Do you think eliminating a Genset is really practical with a Lithium setup?
Hi Bruce. We will add it to the list of things to film but it’ll be a while. We’ve only had the batteries for about 8 months now. We’ve discussed some changes in our recent videos. A blog post might be more likely.
We would not get rid of our genset, although we would prefer a smaller one.
In preparation for returning to the seas I started tinkering with solar power at home. Careful consideration is needed for the cost to value to benefit breakdown. It truly is an amazing system, well thought out, planned with precision and very neatly implemented. Please share a cost table for the components and installation breakdown, it is a deciding factor to consider. Many thanks in advance, so far your most helpful learning video!
Thanks Chris! The blog post has been updated with a table of costs.
Great video! If you were putting this exact system including two high output alternators and a solar array that can top off your battery bank daily into a brand new Helia, would you forgo the dedicated Onan generator for lower weight and maintenance? Why or why not?
We would prefer a smaller generator, but we would still have a generator. We run two things off the generator: our watermaker and air conditioning.
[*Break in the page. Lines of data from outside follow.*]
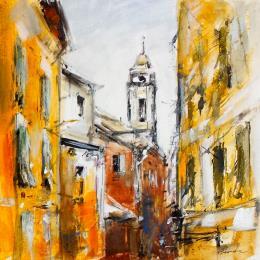 This unique and original contemporary artwork "facades vieux nice" on the subject of Landscapes has been created by the contemporary artist Poumelin Richard.
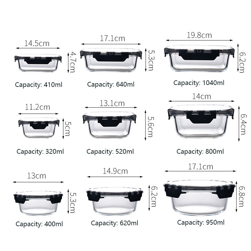Nom du produit:Ensemble en verre de récipient de stockage de nourriture
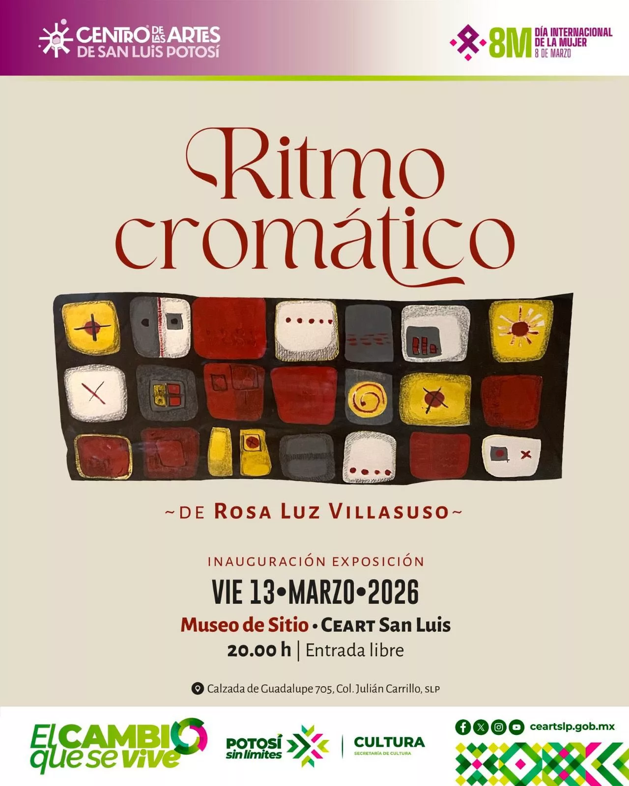 El Centro de las Artes de San Luis Potosí invita a la inauguración de la exposición Ritmo Cromático de la artista potosina Rosa Luz Villasuso, que se llevará a cabo este viernes 13 de marzo a las 20:00 horas en el Museo de Sitio del CEART San Luis, con entrada libre.
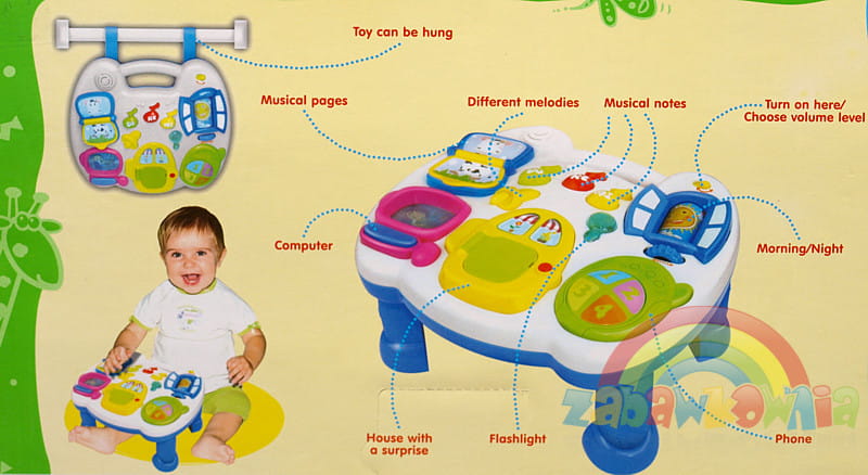 Wspaniały stoliczek edukacyjny, który zainteresuje każdego malca. Wiele dźwięków i migające światełka, ciekawe odgłosy i ruchome elementy, kolorowe obrazki i dźwiękowe przyciski - to są cech ciekawej zabawki, a wszystkie je ma edukacyjny stoliczek.

While we don’t use the air conditioning much ourselves, we have used it a majority of the time that our parents were onboard (including a record heat wave in the Sydney area this summer that was a high of 117 F). The watermaker is a CruiseRO high output 30 gph watermaker. We are not stingy on our water, and as it is I could take 5 hours to fill 3/4 of the tank. We’re happy with a high output watermaker.
I know this is a sensitive subject however a cost breakdown would be extremely helpful to a lot of your followers who are making plans of their own. The Space Between https://www.youtube.com/watch?v=Fu9zFFv6IC0 did a DIY version which honestly may be more attainable for us however it would be nice to compare costs.
The post has been updated with costs!